__DIRECTIONS__:
Dropping every picture, set down exactly the lines in the entries below, starting with the line with "Fronted by Eric" and going on through the line with "伴随着激昂雄壮的《义勇军进行".

__DATA TO EXAMINE__:
____________

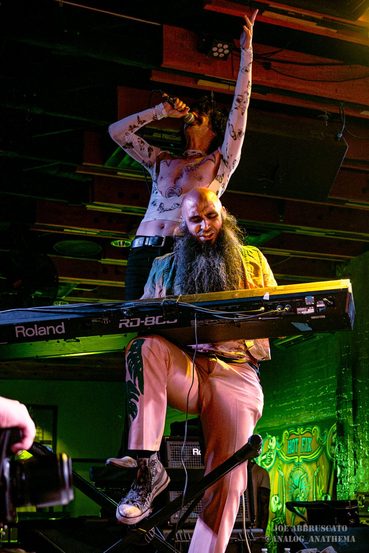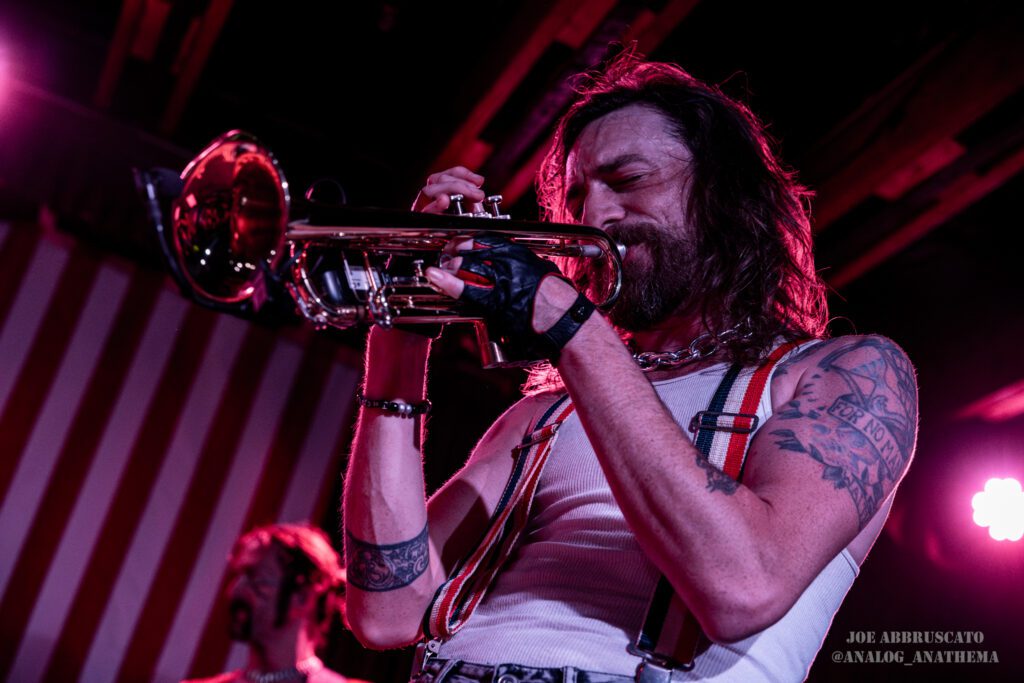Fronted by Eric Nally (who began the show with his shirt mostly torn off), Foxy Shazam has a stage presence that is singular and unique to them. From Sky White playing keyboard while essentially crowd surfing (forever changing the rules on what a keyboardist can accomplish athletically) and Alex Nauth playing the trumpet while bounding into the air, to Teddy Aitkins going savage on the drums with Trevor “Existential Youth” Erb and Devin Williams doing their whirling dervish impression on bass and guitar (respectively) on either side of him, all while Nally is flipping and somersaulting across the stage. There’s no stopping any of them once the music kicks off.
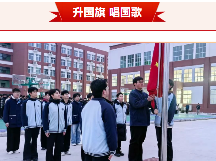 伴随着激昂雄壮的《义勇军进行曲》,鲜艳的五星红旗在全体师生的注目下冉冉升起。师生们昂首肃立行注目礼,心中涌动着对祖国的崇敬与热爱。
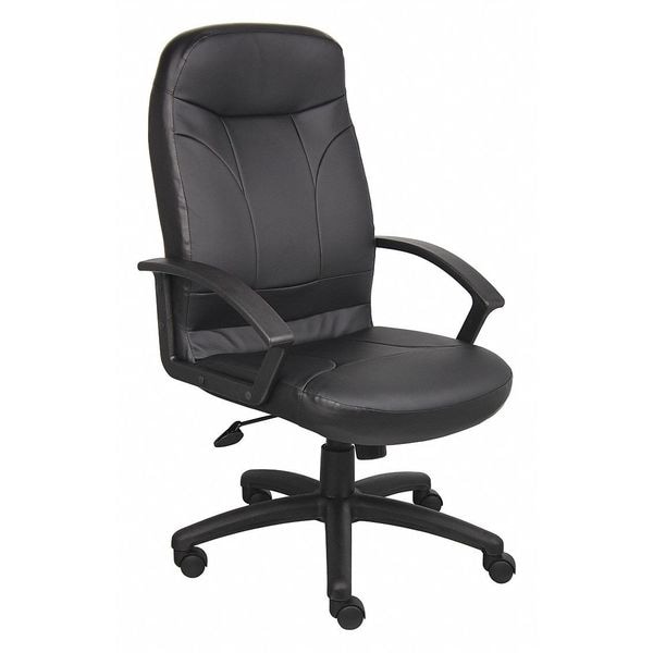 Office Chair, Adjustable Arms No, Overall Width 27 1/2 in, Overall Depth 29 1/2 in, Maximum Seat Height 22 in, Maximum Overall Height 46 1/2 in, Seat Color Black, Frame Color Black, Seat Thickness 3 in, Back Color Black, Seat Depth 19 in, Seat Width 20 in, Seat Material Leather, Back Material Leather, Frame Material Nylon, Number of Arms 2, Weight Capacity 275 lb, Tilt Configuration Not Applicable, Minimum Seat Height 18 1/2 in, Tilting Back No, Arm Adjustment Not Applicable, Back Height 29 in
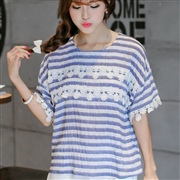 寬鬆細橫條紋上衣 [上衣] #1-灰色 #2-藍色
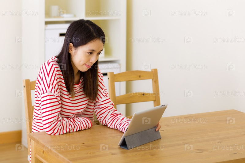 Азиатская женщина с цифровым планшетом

____________

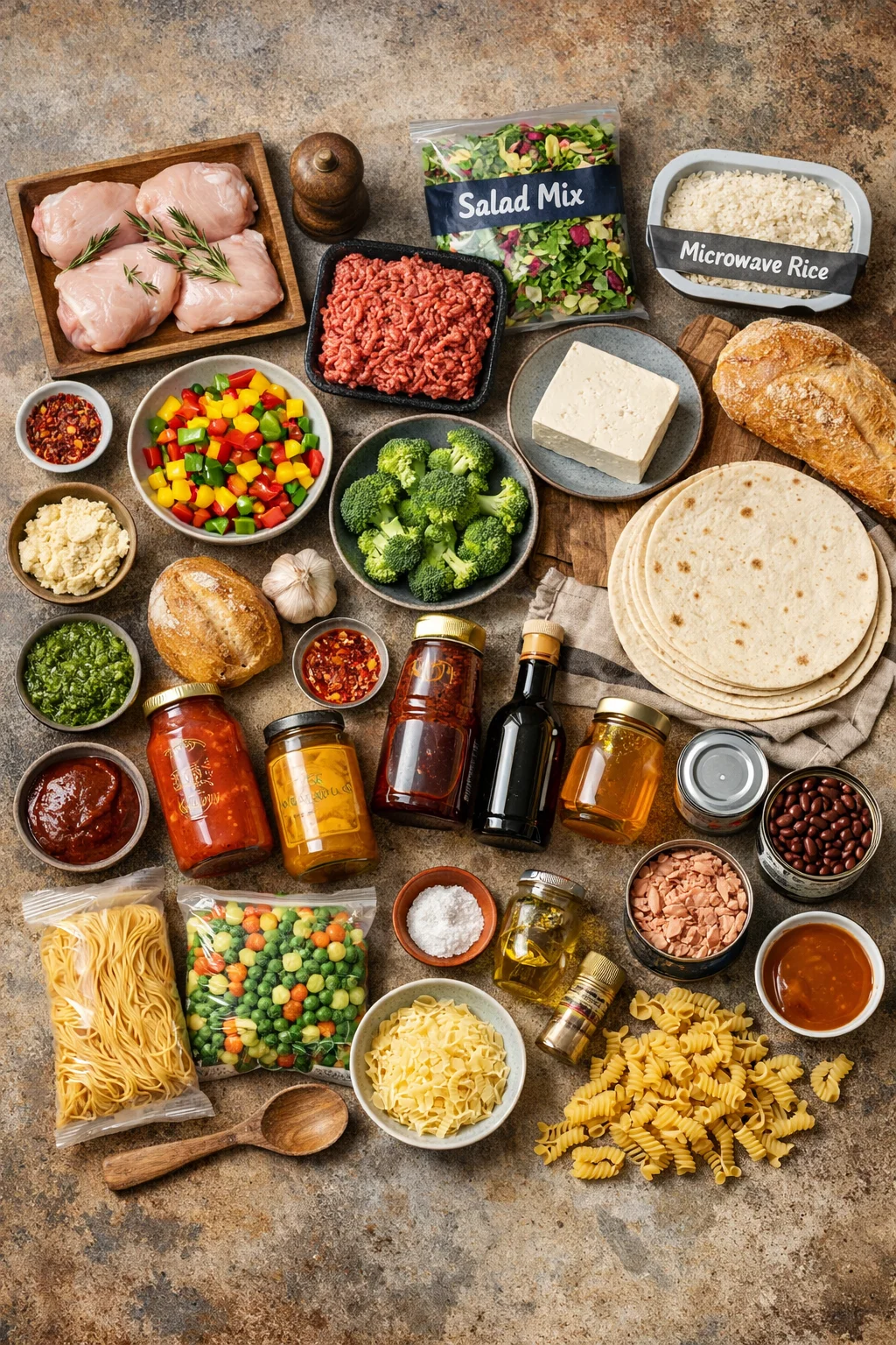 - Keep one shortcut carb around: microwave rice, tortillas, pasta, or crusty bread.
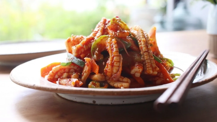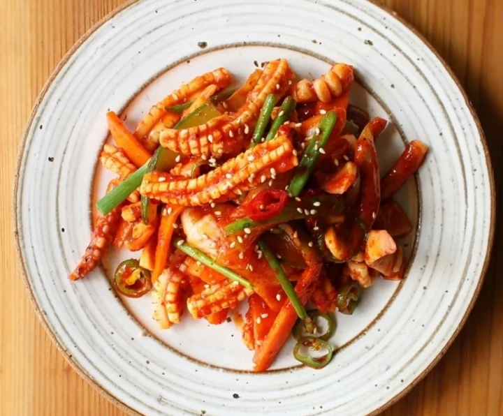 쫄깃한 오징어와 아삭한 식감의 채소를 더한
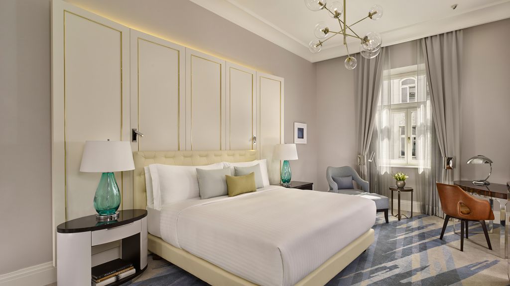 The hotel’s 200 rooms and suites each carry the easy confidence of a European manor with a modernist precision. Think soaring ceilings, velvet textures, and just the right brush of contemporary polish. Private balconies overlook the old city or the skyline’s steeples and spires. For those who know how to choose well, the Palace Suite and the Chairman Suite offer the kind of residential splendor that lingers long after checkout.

____________

__RESPONSE TO THE TASK__:
Fronted by Eric Nally (who began the show with his shirt mostly torn off), Foxy Shazam has a stage presence that is singular and unique to them. From Sky White playing keyboard while essentially crowd surfing (forever changing the rules on what a keyboardist can accomplish athletically) and Alex Nauth playing the trumpet while bounding into the air, to Teddy Aitkins going savage on the drums with Trevor “Existential Youth” Erb and Devin Williams doing their whirling dervish impression on bass and guitar (respectively) on either side of him, all while Nally is flipping and somersaulting across the stage. There’s no stopping any of them once the music kicks off.
 伴随着激昂雄壮的《义勇军进行曲》,鲜艳的五星红旗在全体师生的注目下冉冉升起。师生们昂首肃立行注目礼,心中涌动着对祖国的崇敬与热爱。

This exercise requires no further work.